■ **What the task requires**: What's needed is an exact copy of all the data below, without pictures.

■ **Collected material**:
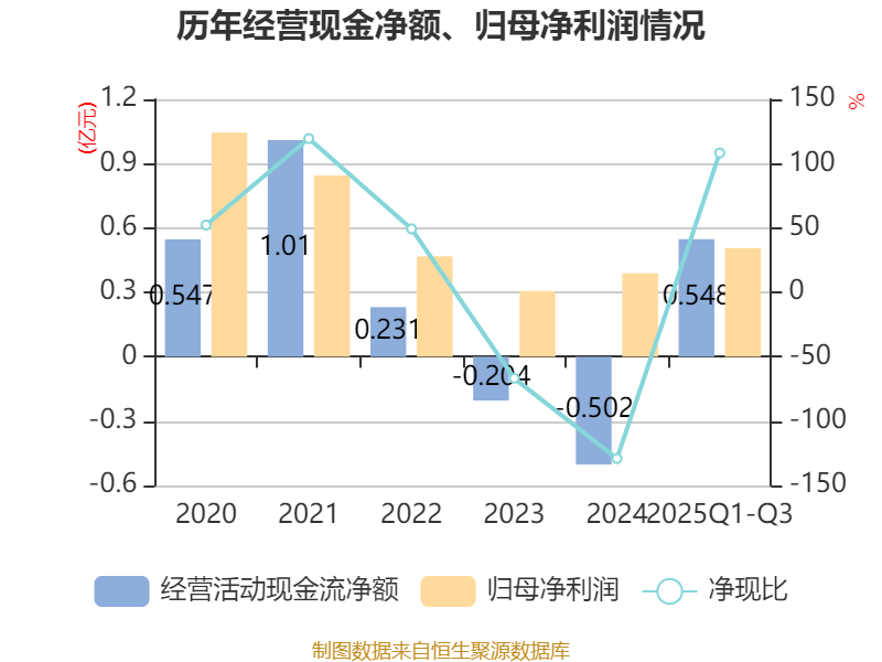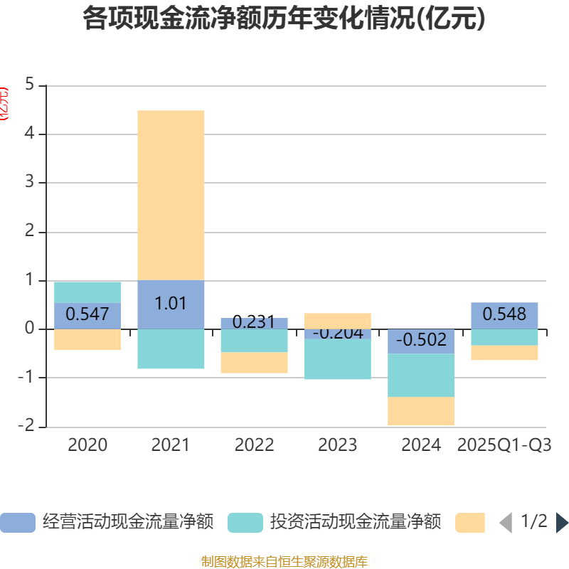 2025年前三季度,公司经营活动现金流净额为5483.78万元,同比增加9068.67万元;筹资活动现金流净额-2981.18万元,同比增加1399.44万元;投资活动现金流净额-3338.03万元,上年同期为-8192.2万元。
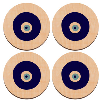 Χάντρα γαλαζιά, ΣΕΤ x4 Σουβέρ ξύλινα στρογγυλά plywood (9cm)
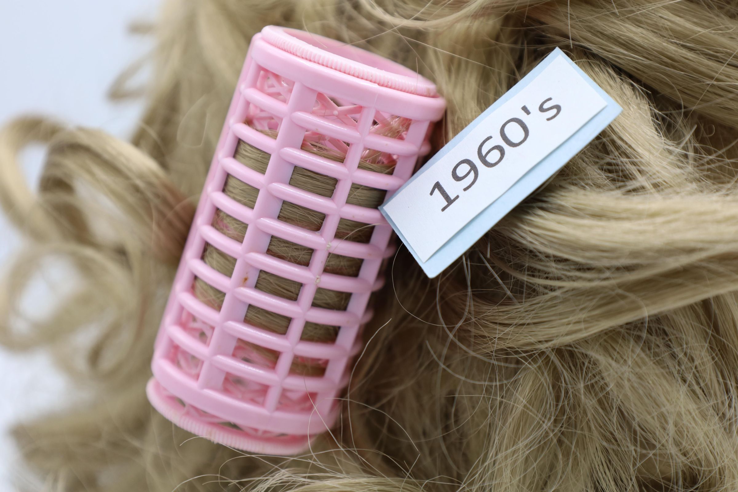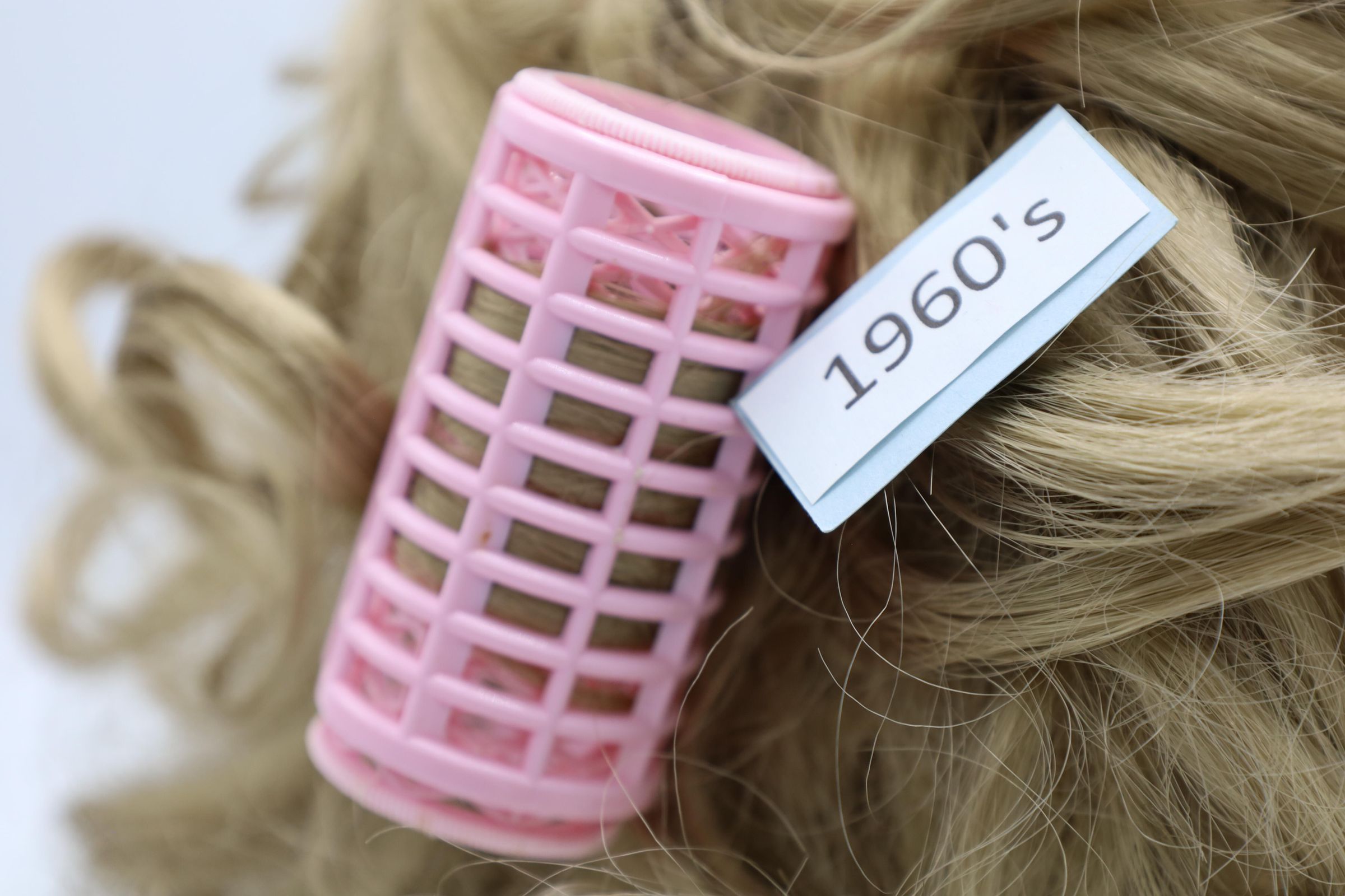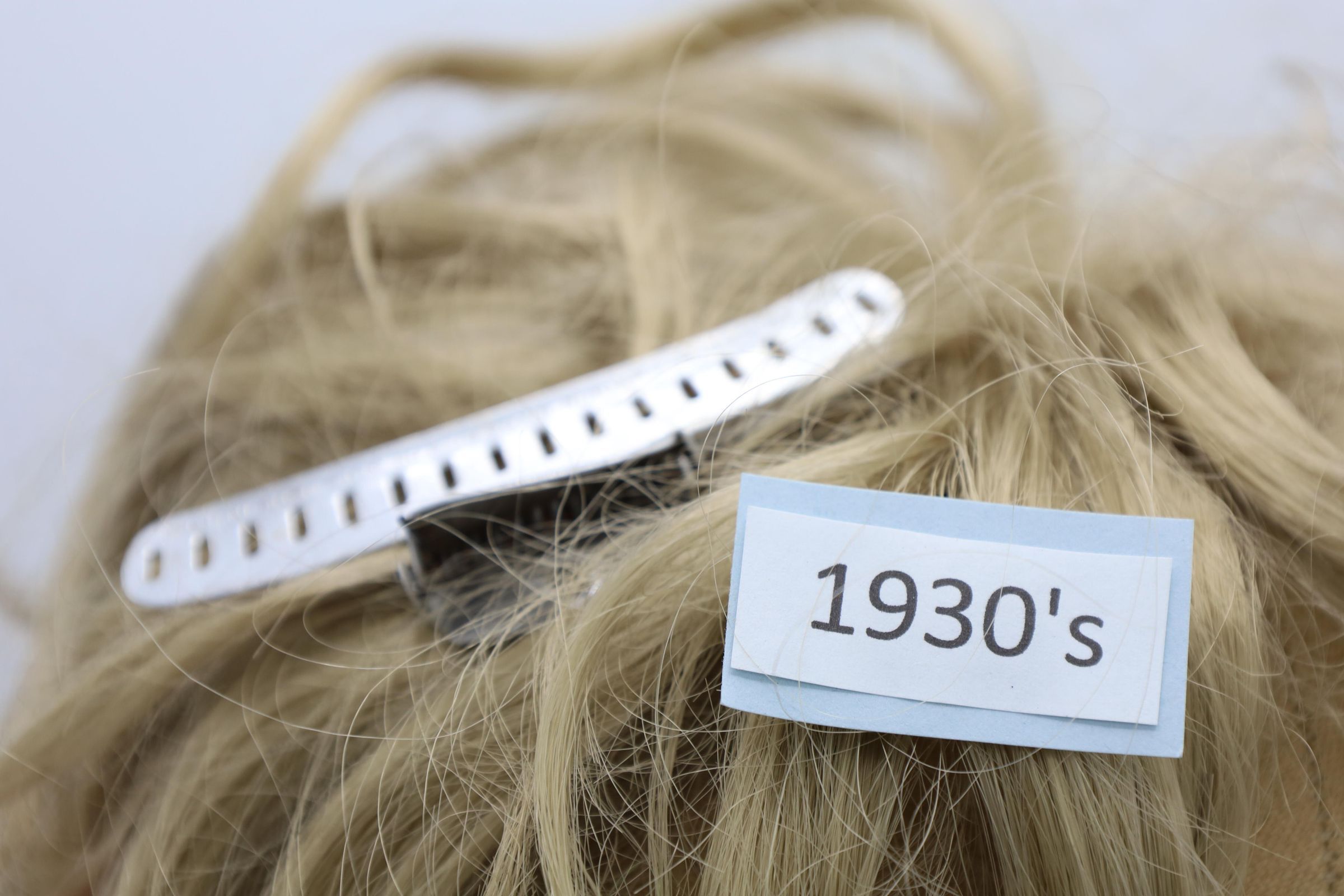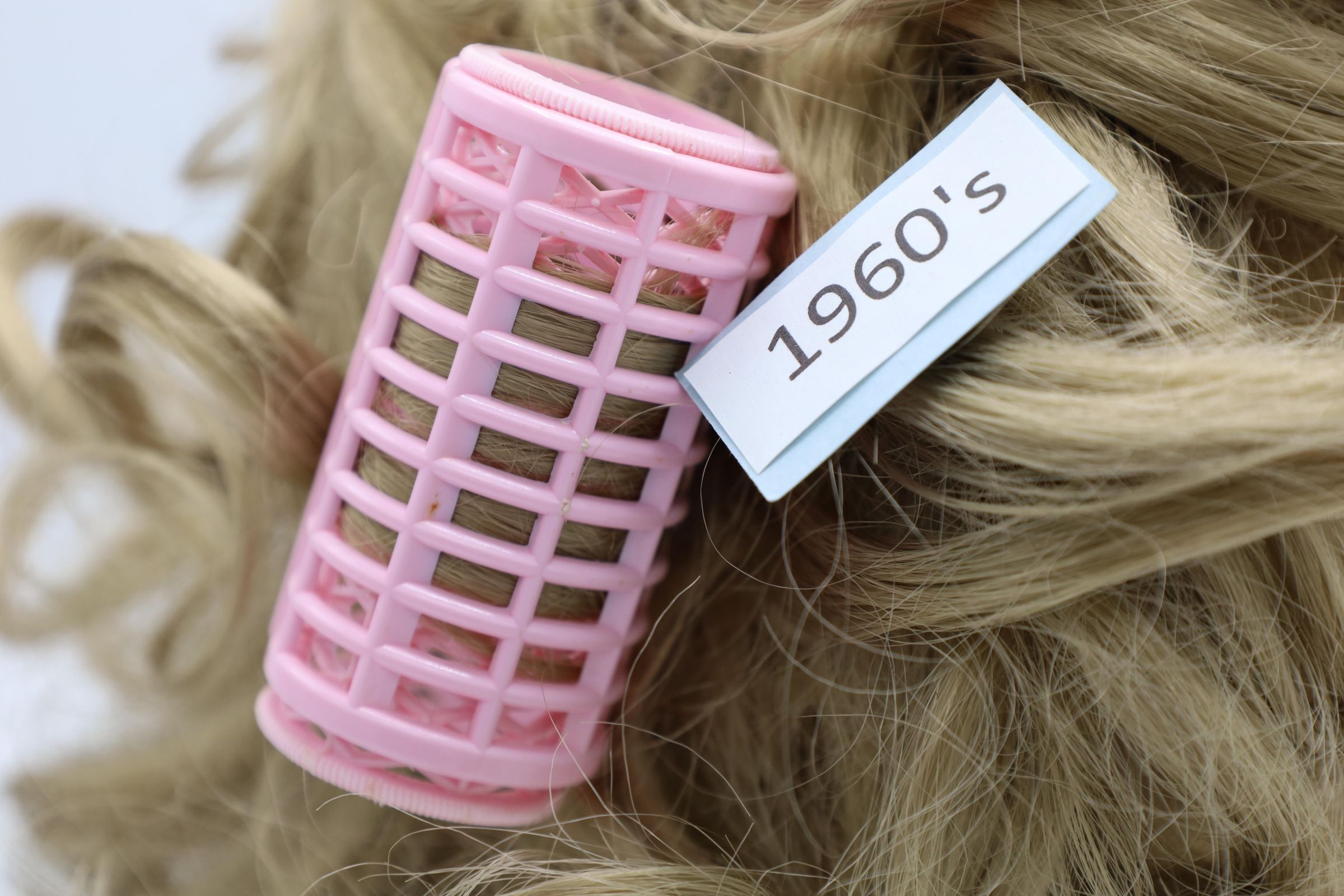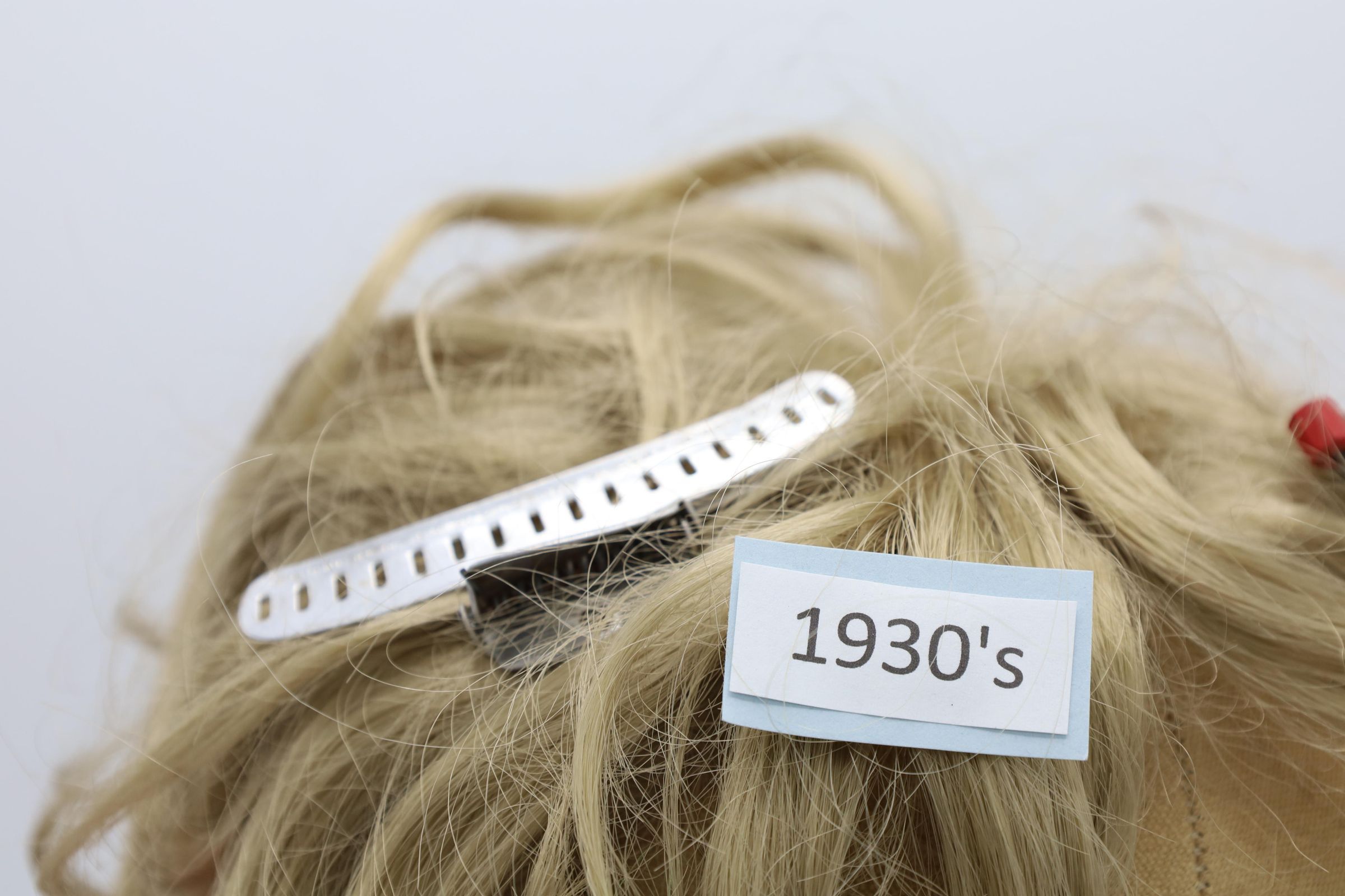 This display depicts how women used curlers in three different time periods, the 1930s, the 1940s, and the 1960s. This wig is sitting on a cork canvas block head wig display.

■ **Expected output**:
 2025年前三季度,公司经营活动现金流净额为5483.78万元,同比增加9068.67万元;筹资活动现金流净额-2981.18万元,同比增加1399.44万元;投资活动现金流净额-3338.03万元,上年同期为-8192.2万元。
 Χάντρα γαλαζιά, ΣΕΤ x4 Σουβέρ ξύλινα στρογγυλά plywood (9cm)
 This display depicts how women used curlers in three different time periods, the 1930s, the 1940s, and the 1960s. This wig is sitting on a cork canvas block head wig display.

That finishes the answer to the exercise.